Because she works with spreadsheets, it was "a nightmare" ensuring all the phone numbers and prices were inputted correctly. "I had to double-check and triple-check before I could submit it. It was a disaster."
Her parents searched the internet for an answer to their daughter's difficulties and eventually stumbled on the Raviv method, discovered by an Israeli woman called Nili Raviv, whose son Barak had severe dyslexia and attention-deficit problems. He left school with no qualifications and, at the age of 20, spent three months surfing in Hawaii. When he returned, his difficulties had almost disappeared and he read Catcher In The Rye in a week. His astonished mother spent the next five years trying to establish how the movements in surfing might have helped bring about this remarkable transformation in her son.
Unfortunately for Hanlon, there were no practitioners in Scotland at the time, and it wasn't until eight years later, when her mother saw a flyer about the Raviv method in the Kelso Co-op, that she was able to finally get the help she needed. "The next week – in February 2008 – I started the programme," she says.
The technique is based around a series of exercises that include doing a figure-of-eight walk for 20 minutes every day for six months. "When you're doing the figure-of-eight walk you're making connections between the left and the right side of the brain," says practitioner Karen Wexelstein, who is based in Earlston in Berwickshire. "With people who have learning difficulties, you have neurons that are firing but not making a full connection. By doing these exercises every day, you're nurturing the growing process of the brain cells and, within about six months, the connections will be established and the older neurons will wither away."

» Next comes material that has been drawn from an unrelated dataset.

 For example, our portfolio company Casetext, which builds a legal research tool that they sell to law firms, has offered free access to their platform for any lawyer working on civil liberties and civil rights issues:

Wexelstein, 45, was born in Edinburgh but has spent the last 21 years working in the fashion industry in London. Her introduction to Raviv came in 2006, after her son Josh, then aged nine, was diagnosed with dyslexia. He began the programme with a private tutor but around the same time she decided to take a training course herself, to enable her to help Josh and to find out more about learning difficulties in general. "But after six months I was totally redundant because he just didn't need my help any more," she says. "He has caught up with all his reading. All the years he couldn't read fluently, now he's bookworm boy.
"He's not cured," she stresses, "because dyslexia isn't a disease, but he has overcome his difficulties."

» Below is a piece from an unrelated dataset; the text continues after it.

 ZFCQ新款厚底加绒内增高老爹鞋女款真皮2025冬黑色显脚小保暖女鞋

She might have continued happily in her job – helping out friends' children at weekends – but for a move of her office, which turned a two-hour commute into four hours. "I thought, 'I've got to get a life.' There was nobody offering this service in Scotland, and because Josh was moving up to high school things just fell into place and I moved back in November 2007."

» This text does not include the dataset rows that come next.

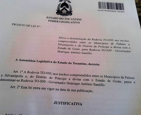 O deputado estadual Wanderlei Barbosa (SD) apresentou nesta quarta-feira,11, Projeto de Lei que prevê a denominação da Rodovia TO-050 para TO-050 – Governador Henrique Antônio Santillo.
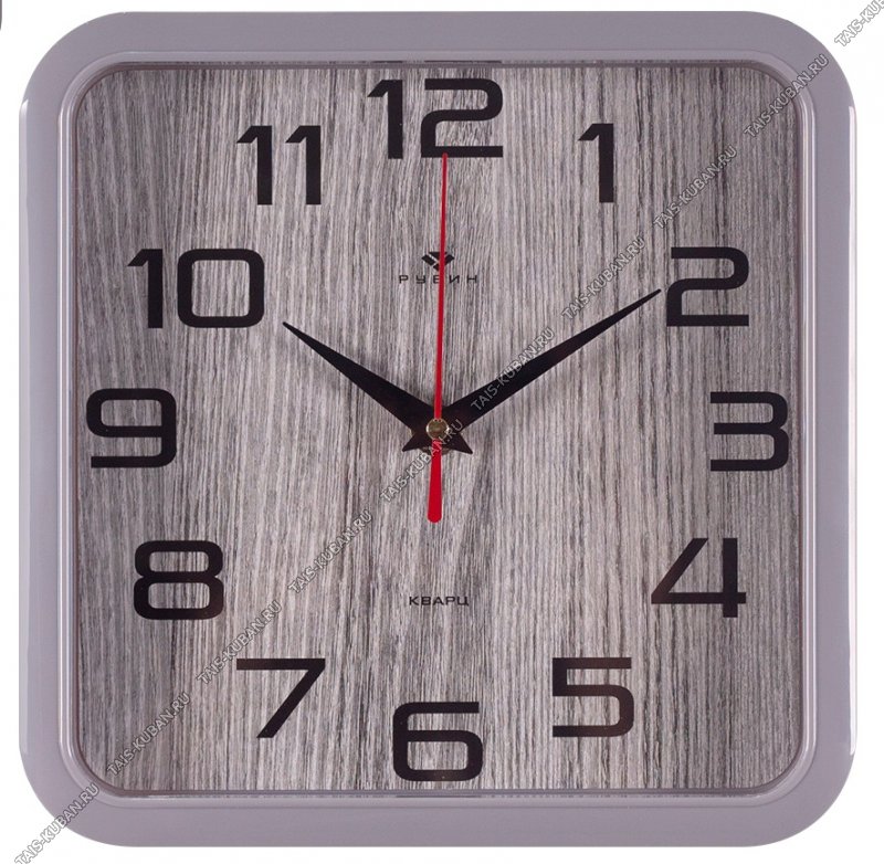 Часы (стекло/пластик) квадрат (22х22см) "Фактура дерево" серые
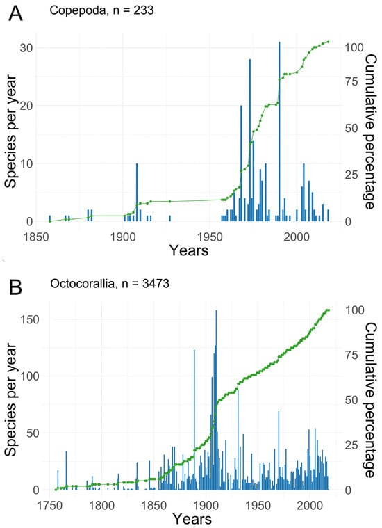 Numbers of new species and cumulative percentage (green line) of known species of (A) octocorals and associated with them (B) symbiotic copepods described published over time. Based on the WoRMS database [].
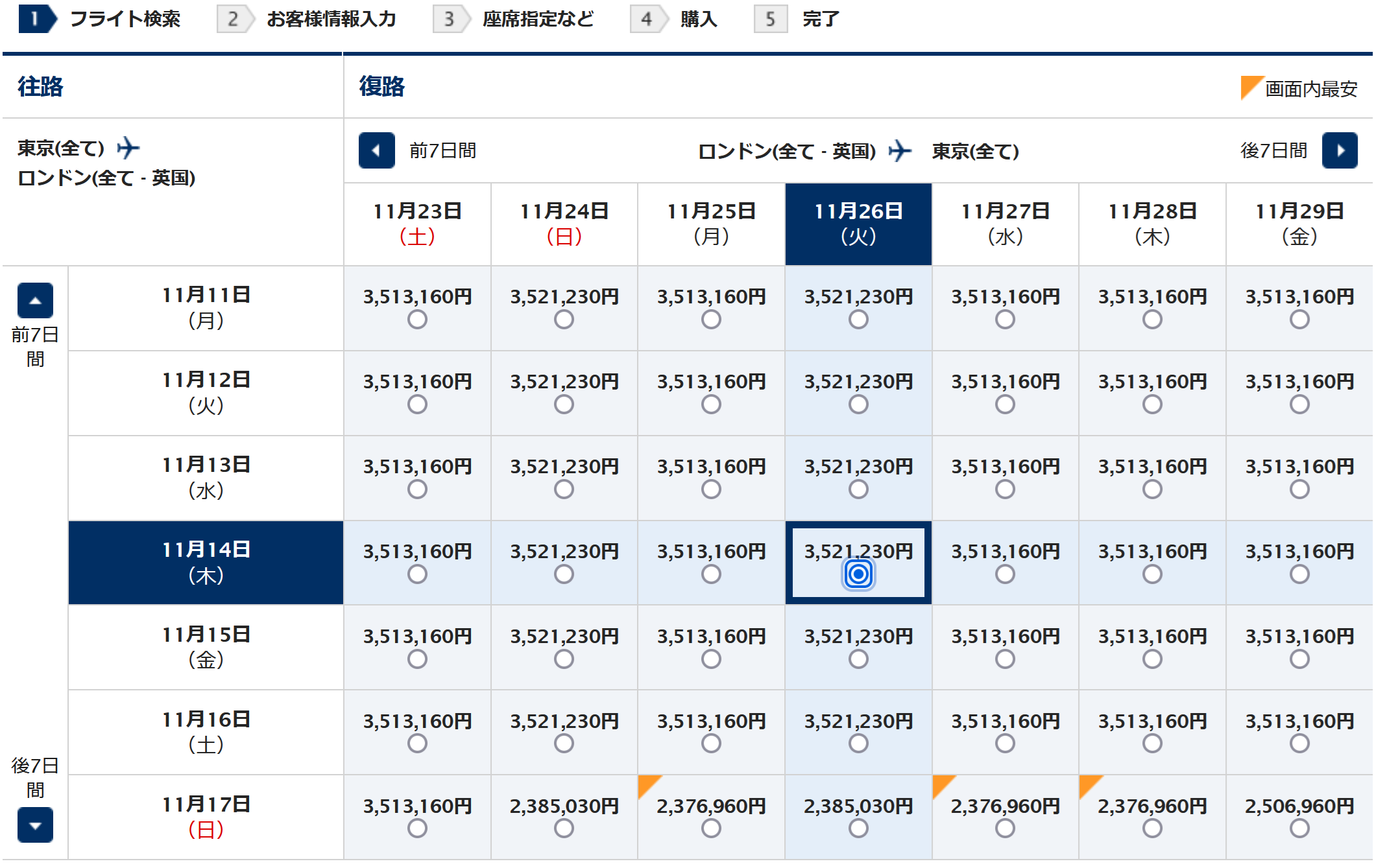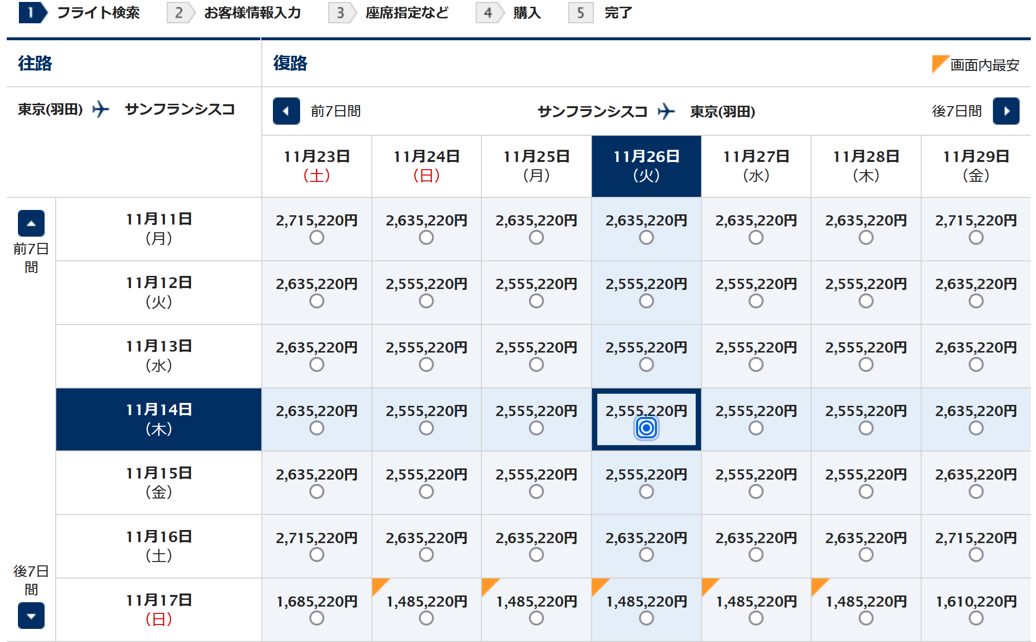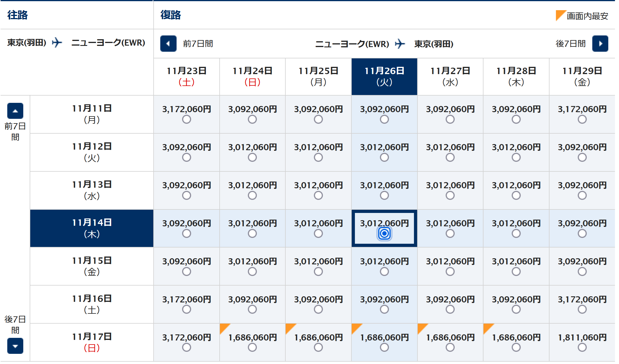 どの便も一部安い価格が表示されていますが、これは別の航空会社で乗り継ぎありなので除外してください。
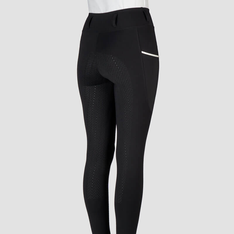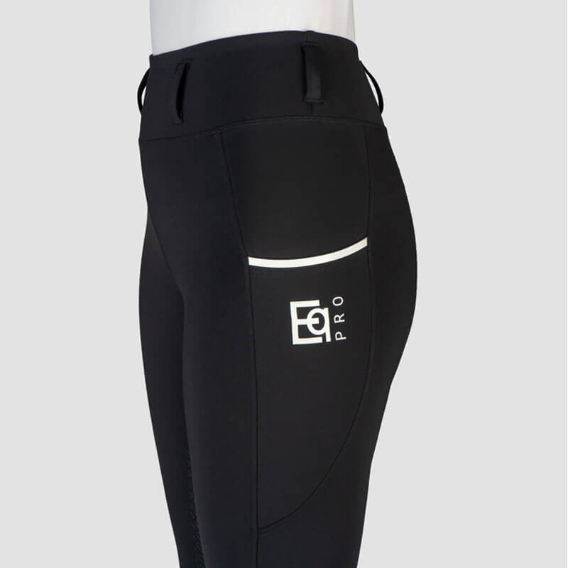 Deze kinder rijlegging is uitgevoerd met een aansluitende tailleband in combinatie met riemlussen. De legging heeft zakken op beide benen onder andere geschikt voor de mobiele telefoon en is uitgevoerd met een Full Grip zitvlak wat zorgt draagt voor een stabiele zit in het zadel. De legging is afgewerkt met glitter piping langs de zakken en EQPRO logo op het linker been.

One of her first clients was Hanlon. "When Karen diagnosed me, I felt fantastic. It was such a relief to find out what it was after all these years of being labelled silly and stupid."
Even after just one week, she says, she noticed a change. "It was amazing. I felt more confident, and the numbers just started leaping out in different colours. I was able to do my times tables backwards and forwards, I can see road signs and my reading has improved a lot as well. I can finally get on with a normal life.
"I am starting to see and feel things for the first time. I have been brought to the foreground of my own life to experience everything for myself, instead of hiding in the background, afraid I will fail."
The method can work for those with dyslexia, dyscalculia, dyspraxia, dysgraphia (problems with handwriting) and ADHD, and on those as young as five and as old as 70. However, often parents have to wait until their children are in their mid-primary school years before they are diagnosed with having learning difficulties.
Jacqui Findlay, 44, a hairdresser from Edinburgh, noticed her daughter Aly was still struggling with reading, writing and spelling by primary five, so asked the school to test her for dyslexia. "She's a bright girl, she's very friendly and animated, so I didn't have huge concerns for her." But having an older daughter and knowing how much work she would have to do in later years, she worried. "I thought she would start getting snowed under and that would affect her as a person."
Aly, now 13, began the Raviv programme early last year and, though improvements were gradual, they were dramatic. "It wasn't really until we started getting things back from school that we noticed the change," says Findlay. "She suddenly came home and had done well in her tests, her end of term report was fantastic and she had a commendation for her English work – that was a real confirmation that it had made a difference.
"But what it did for her more than anything was to give her more confidence. She believes in herself more. She was getting to the stage where she was thinking, 'Why should I bother, because I can't do it.' Now she's working harder because she believes in herself."
Wexelstein's dream is to introduce the technique into every school in Scotland. "Because it's focused and efficient, you're finishing it in six months as opposed to maybe 16 years of learning support," she says. "It would make such a big difference to the schools and to the children."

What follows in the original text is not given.